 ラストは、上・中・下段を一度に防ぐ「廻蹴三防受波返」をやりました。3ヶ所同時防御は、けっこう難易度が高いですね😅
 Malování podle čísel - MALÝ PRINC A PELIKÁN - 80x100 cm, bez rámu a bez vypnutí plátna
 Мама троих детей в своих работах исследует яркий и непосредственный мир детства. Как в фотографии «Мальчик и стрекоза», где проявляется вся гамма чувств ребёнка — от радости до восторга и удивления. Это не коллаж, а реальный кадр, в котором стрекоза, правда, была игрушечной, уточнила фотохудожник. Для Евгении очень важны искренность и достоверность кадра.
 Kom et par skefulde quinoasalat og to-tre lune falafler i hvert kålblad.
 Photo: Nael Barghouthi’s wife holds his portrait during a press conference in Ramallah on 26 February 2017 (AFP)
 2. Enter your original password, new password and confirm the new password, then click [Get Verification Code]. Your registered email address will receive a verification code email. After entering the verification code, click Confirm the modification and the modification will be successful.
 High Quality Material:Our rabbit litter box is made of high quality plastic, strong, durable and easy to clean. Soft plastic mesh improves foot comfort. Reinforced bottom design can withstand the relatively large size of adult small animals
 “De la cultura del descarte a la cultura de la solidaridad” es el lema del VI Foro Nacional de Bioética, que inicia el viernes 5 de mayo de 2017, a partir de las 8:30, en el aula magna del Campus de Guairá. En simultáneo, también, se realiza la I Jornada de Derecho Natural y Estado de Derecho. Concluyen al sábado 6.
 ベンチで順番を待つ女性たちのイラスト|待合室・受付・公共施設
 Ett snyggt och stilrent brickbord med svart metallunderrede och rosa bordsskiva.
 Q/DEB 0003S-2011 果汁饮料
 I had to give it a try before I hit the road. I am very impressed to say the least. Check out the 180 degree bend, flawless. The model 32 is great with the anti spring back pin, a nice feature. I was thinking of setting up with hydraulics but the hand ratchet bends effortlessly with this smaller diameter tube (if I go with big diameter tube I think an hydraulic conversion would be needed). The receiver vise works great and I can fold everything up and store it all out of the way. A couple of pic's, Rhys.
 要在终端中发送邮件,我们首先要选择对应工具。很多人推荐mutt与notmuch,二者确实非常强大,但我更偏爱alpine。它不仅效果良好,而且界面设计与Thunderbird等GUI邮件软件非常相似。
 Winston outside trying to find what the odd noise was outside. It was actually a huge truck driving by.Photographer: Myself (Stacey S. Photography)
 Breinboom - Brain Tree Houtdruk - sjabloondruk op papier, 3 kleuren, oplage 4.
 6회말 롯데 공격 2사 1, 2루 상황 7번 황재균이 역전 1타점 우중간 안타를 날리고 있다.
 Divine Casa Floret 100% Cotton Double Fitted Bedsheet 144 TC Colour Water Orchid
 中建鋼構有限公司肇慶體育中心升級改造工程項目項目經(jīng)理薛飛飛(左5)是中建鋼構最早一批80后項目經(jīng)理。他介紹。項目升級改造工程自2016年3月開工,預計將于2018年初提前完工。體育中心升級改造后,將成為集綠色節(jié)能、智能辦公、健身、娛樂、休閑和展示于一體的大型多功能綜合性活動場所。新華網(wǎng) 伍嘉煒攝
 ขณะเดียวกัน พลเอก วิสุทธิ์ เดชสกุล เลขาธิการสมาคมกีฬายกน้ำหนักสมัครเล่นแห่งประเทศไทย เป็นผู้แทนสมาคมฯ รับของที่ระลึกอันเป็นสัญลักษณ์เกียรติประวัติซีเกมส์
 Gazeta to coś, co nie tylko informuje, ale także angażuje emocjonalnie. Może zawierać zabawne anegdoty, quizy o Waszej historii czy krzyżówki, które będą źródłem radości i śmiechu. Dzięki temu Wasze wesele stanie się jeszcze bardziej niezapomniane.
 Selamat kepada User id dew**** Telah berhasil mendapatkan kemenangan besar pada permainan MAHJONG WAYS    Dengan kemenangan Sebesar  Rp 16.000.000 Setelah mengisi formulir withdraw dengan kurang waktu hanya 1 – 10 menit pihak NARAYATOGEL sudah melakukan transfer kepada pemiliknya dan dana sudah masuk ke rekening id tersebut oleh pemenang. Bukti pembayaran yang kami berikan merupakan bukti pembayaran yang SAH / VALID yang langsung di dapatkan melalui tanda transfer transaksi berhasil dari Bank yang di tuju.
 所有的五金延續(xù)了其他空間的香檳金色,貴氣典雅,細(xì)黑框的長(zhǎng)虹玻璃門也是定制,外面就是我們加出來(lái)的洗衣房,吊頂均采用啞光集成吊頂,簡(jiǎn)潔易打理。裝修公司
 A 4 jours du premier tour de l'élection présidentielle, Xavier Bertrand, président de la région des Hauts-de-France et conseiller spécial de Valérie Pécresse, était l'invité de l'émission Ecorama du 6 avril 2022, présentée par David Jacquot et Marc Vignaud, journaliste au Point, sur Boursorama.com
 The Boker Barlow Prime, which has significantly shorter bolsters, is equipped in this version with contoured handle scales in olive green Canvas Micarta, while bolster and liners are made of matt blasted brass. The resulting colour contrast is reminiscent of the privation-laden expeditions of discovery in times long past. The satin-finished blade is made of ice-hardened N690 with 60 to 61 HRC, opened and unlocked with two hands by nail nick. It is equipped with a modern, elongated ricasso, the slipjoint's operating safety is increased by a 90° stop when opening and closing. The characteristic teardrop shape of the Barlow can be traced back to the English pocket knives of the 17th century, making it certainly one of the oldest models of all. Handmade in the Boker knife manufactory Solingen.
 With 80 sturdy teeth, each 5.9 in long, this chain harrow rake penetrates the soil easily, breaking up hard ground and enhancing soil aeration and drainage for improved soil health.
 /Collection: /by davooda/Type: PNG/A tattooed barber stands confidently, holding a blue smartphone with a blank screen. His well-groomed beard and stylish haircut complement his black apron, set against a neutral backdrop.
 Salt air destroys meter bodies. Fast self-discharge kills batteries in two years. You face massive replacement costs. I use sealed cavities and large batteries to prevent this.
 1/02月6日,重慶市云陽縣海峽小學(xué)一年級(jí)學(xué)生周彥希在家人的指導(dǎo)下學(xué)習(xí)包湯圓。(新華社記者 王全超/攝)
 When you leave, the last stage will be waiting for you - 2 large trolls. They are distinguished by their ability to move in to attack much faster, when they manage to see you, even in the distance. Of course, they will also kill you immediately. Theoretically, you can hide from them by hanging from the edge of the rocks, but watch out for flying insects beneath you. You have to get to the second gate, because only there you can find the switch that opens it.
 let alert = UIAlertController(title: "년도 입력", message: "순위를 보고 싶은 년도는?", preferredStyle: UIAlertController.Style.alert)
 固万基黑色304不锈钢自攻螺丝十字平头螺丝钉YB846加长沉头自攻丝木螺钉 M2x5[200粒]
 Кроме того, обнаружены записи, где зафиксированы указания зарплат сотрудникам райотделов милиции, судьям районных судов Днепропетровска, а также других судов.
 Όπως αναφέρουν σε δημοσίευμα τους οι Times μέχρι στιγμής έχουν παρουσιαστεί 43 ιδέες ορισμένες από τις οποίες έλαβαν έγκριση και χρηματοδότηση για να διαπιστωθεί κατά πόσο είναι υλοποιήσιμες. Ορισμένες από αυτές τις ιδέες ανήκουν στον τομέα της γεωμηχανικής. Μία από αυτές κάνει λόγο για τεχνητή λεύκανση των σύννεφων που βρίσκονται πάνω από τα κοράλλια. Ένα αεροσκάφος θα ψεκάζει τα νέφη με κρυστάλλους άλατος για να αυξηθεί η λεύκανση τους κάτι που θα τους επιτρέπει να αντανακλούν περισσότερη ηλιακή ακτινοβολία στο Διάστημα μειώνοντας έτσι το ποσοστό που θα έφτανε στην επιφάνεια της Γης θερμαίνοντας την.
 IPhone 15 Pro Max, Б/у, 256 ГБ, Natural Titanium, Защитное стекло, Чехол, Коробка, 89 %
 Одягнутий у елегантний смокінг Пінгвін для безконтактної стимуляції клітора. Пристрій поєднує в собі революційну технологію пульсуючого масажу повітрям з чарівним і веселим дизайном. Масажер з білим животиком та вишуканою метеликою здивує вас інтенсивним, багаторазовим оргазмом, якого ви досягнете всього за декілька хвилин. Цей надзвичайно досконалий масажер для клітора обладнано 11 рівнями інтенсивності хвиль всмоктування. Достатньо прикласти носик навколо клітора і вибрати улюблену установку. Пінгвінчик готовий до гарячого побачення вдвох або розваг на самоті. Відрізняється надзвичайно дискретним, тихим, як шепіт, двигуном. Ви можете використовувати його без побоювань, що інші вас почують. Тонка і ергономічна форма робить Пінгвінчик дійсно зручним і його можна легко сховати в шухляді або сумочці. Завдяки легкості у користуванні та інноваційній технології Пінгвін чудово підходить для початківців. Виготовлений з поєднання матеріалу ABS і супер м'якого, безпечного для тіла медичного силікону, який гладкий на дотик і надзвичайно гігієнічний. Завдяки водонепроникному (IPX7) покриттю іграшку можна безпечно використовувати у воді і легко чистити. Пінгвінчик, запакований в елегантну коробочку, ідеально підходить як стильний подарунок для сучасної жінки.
::::::::::
Show every line from the listing that contains "will".

 2. Enter your original password, new password and confirm the new password, then click [Get Verification Code]. Your registered email address will receive a verification code email. After entering the verification code, click Confirm the modification and the modification will be successful.
 When you leave, the last stage will be waiting for you - 2 large trolls. They are distinguished by their ability to move in to attack much faster, when they manage to see you, even in the distance. Of course, they will also kill you immediately. Theoretically, you can hide from them by hanging from the edge of the rocks, but watch out for flying insects beneath you. You have to get to the second gate, because only there you can find the switch that opens it.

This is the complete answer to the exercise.